*** Block opens ***

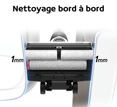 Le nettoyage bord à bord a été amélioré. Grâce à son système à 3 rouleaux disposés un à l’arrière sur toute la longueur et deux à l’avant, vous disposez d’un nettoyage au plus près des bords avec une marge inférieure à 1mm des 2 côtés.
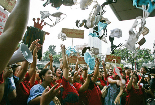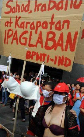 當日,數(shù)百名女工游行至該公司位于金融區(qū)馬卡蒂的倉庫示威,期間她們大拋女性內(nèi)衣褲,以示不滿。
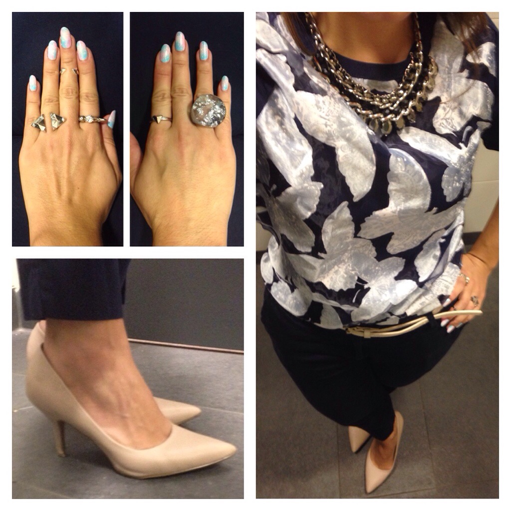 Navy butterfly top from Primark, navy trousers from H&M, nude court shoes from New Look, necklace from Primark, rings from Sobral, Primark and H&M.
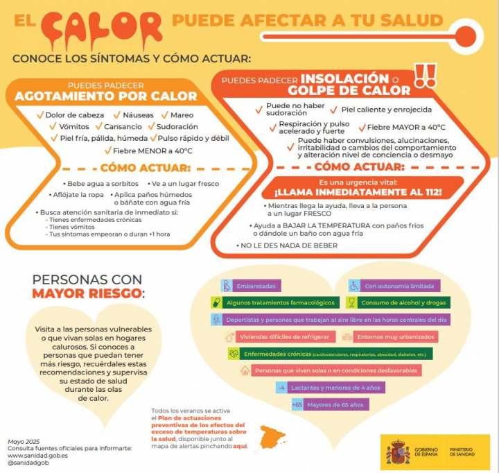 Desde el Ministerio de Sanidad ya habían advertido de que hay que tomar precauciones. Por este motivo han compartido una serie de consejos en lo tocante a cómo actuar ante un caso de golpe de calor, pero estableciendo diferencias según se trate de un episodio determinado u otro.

*** Block closes ***
*** Block opens ***

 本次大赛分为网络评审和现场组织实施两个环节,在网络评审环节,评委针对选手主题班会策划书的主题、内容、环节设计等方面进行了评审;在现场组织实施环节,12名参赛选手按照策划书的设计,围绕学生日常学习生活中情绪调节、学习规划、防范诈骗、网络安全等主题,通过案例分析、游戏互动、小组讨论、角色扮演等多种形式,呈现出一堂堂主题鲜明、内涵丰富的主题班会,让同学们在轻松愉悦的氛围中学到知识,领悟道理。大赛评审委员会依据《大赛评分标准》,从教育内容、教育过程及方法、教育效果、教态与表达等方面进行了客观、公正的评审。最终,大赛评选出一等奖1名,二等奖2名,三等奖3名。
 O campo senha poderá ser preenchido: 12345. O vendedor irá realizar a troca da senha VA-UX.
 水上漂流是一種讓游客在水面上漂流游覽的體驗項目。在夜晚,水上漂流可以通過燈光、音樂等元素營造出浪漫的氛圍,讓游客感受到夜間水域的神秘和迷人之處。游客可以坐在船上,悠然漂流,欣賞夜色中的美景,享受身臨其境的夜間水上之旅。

*** Block closes ***

Task to carry out> Nothing but the lines from the one with "Le nettoyage bord" up to and including the one with "Navy butterfly top" should be printed, exactly as they read above. Please keep the pictures out.

Your response>
 Le nettoyage bord à bord a été amélioré. Grâce à son système à 3 rouleaux disposés un à l’arrière sur toute la longueur et deux à l’avant, vous disposez d’un nettoyage au plus près des bords avec une marge inférieure à 1mm des 2 côtés.
 當日,數(shù)百名女工游行至該公司位于金融區(qū)馬卡蒂的倉庫示威,期間她們大拋女性內(nèi)衣褲,以示不滿。
 Navy butterfly top from Primark, navy trousers from H&M, nude court shoes from New Look, necklace from Primark, rings from Sobral, Primark and H&M.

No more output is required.